The test is expecting the loops to be interchanged, but judging from br i1 undef, label %bb2, label %bb3 I think the interchange should probabily be considered invalid in this case?

TaWeiTu updated this revision to Diff 328603.Mar 5 2021, 11:44 AM
  • Add testcase of PR47523
Whitney added inline comments.Mar 7 2021, 7:19 AM
llvm/lib/Transforms/Scalar/LoopInterchange.cpp
1021
TaWeiTu updated this revision to Diff 328863.Mar 7 2021, 7:32 AM
  • Use LoopInfo::getLoopFor
Whitney added inline comments.Mar 7 2021, 7:44 AM
llvm/lib/Transforms/Scalar/LoopInterchange.cpp
1018

In what scenario, outer loop contains instructions guarded by control flow?
(I assume loop interchange operate on tight loops.)

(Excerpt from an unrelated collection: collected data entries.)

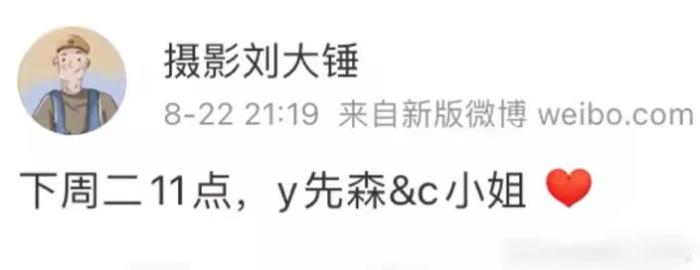 在头几天,摄影刘大锤在社交平台上预言:“下周二11点,y先森&c小姐”,之后,大家开始纷纷猜测这个y先生和c小姐是谁······
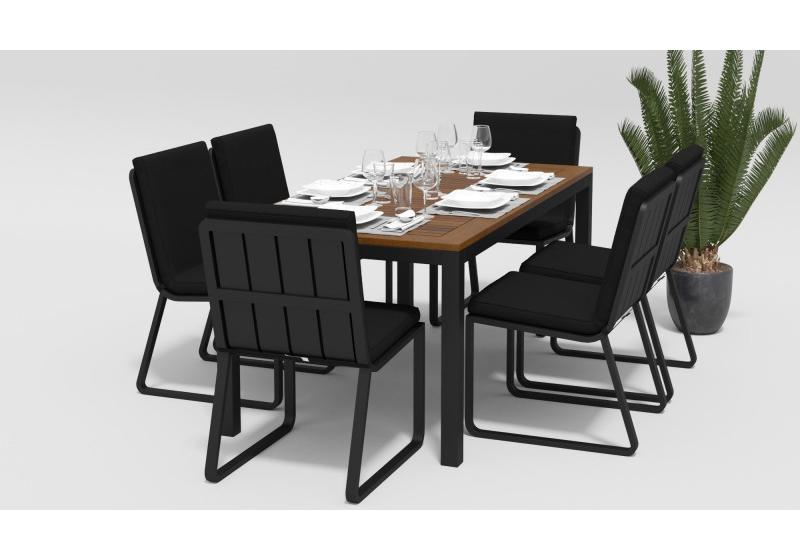 Цвет: каркас темно-серый / подушки черные / столешница тик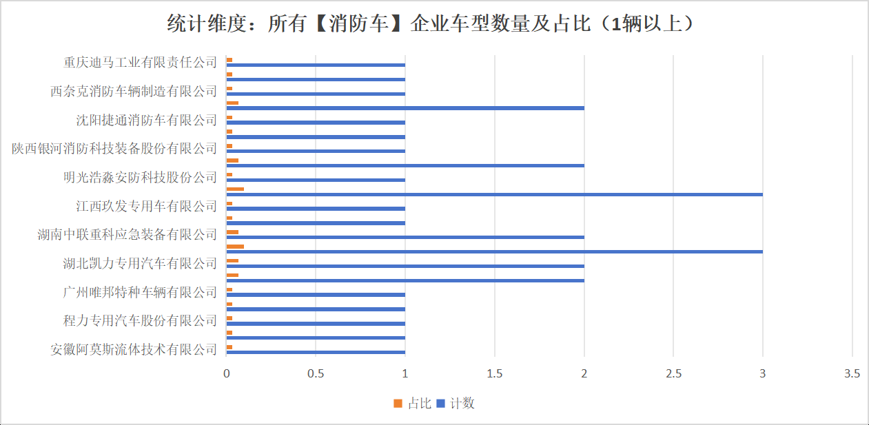 第397批次公告消防車統(tǒng)計(jì)分析:公示企業(yè)達(dá)21家11種車型,水罐、器械消防車數(shù)量最多

TaWeiTu updated this revision to Diff 328873.Mar 7 2021, 8:41 AM
  • Only check basic blocks in the inner loop
TaWeiTu marked 2 inline comments as done.Mar 7 2021, 8:41 AM
TaWeiTu added inline comments.
llvm/lib/Transforms/Scalar/LoopInterchange.cpp
1018

Thanks for pointing that out! I think you are right.

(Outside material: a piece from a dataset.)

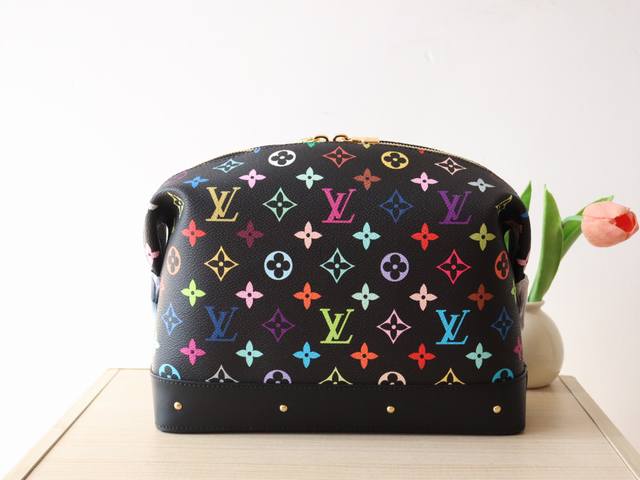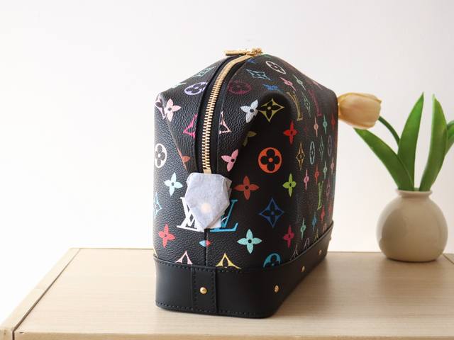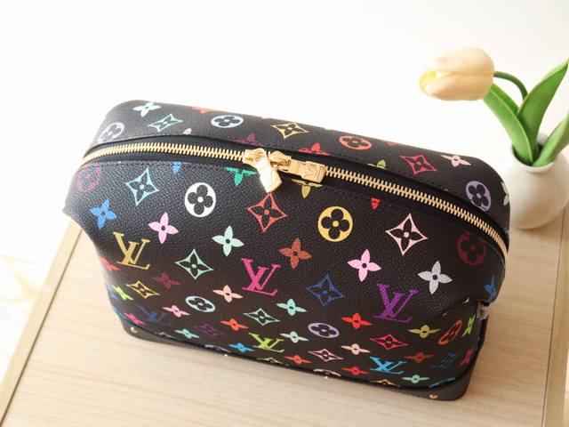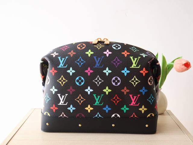 m13743三彩 化妆包以Monogram Denim面料裁出新潮闲适构型。时髦褪色牛仔色调浸染认证棉帆布,搭配牛皮革饰边与耀目铆钉。充裕空间可容纳化妆品及个人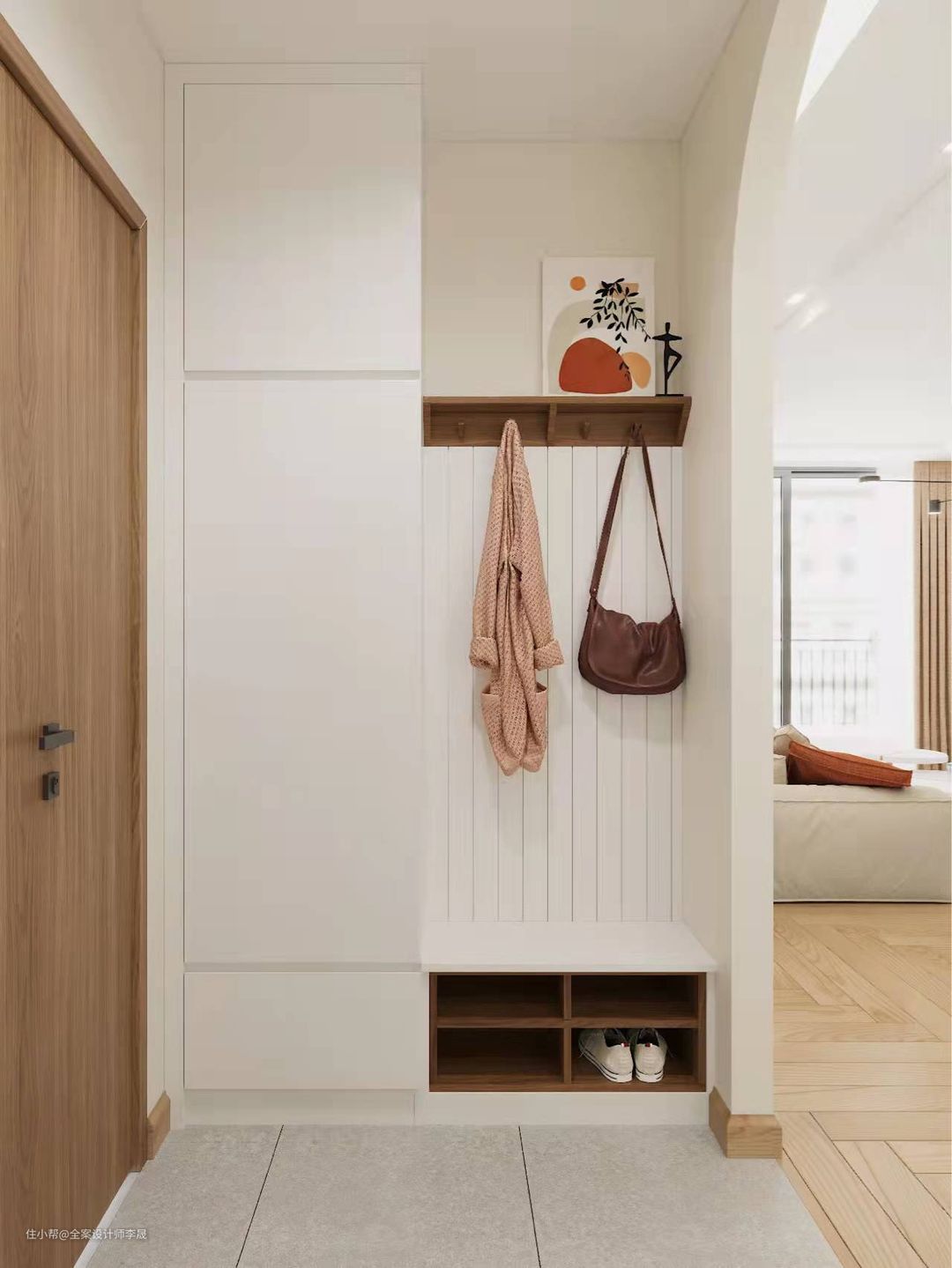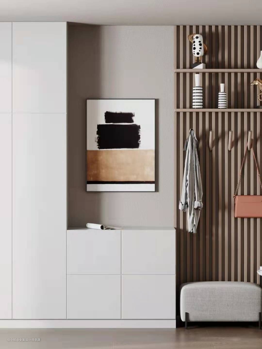 入户位置可根据空间大小,设计玄关柜、挂放区与换鞋凳融为一体,凳子下方镂空可放置常穿的鞋子。

Have you considered the case where the blocks guarded by control flow doesn't have memory operation, but affect memory operation through phi?

bb1:
  br %cond, bb2, bb3
bb2:
  br bb4
bb3:
  br bb4
bb4:
  %t = phi [ %t2, %bb2 ], [ %t3, %bb3 ]
  store %t, %p
TaWeiTu updated this revision to Diff 332204.Mar 21 2021, 11:39 PM

Consider instructions that are indirectly affected by the control flow

Have you considered the case where the blocks guarded by control flow doesn't have memory operation, but affect memory operation through phi?

bb1:
  br %cond, bb2, bb3
bb2:
  br bb4
bb3:
  br bb4
bb4:
  %t = phi [ %t2, %bb2 ], [ %t3, %bb3 ]
  store %t, %p

I've updated the patch to perform a more comprehensive check that consider instructions that are indirectly guarded by the control flow.

Gentle ping

@TaWeiTu How do you want to handle the lcssa.ll failure? Maybe we can only disallow memory accesses that are guarded by loop variant condition?

TaWeiTu updated this revision to Diff 335988.Apr 7 2021, 8:46 PM
  • Skip loop-invariant-guarded blocks

@TaWeiTu How do you want to handle the lcssa.ll failure? Maybe we can only disallow memory accesses that are guarded by loop variant condition?

Now only loop-variant-guarded blocks are considered "bad". lcssa.ll should be fixed.
We should probably also add logic to check whether the orders of memory accesses actually change after interchanging the loop, but I think it's beyond the scope of this patch and can be improved in the future.

Whitney added inline comments.Apr 8 2021, 9:08 AM
llvm/lib/Transforms/Scalar/LoopInterchange.cpp
958
  br cond, BB1, BB2
BB1:
  br BB3
BB2
  br BB3

BB3 should not guarded by a loop variant block, but this function would return BB1, BB2, and BB3.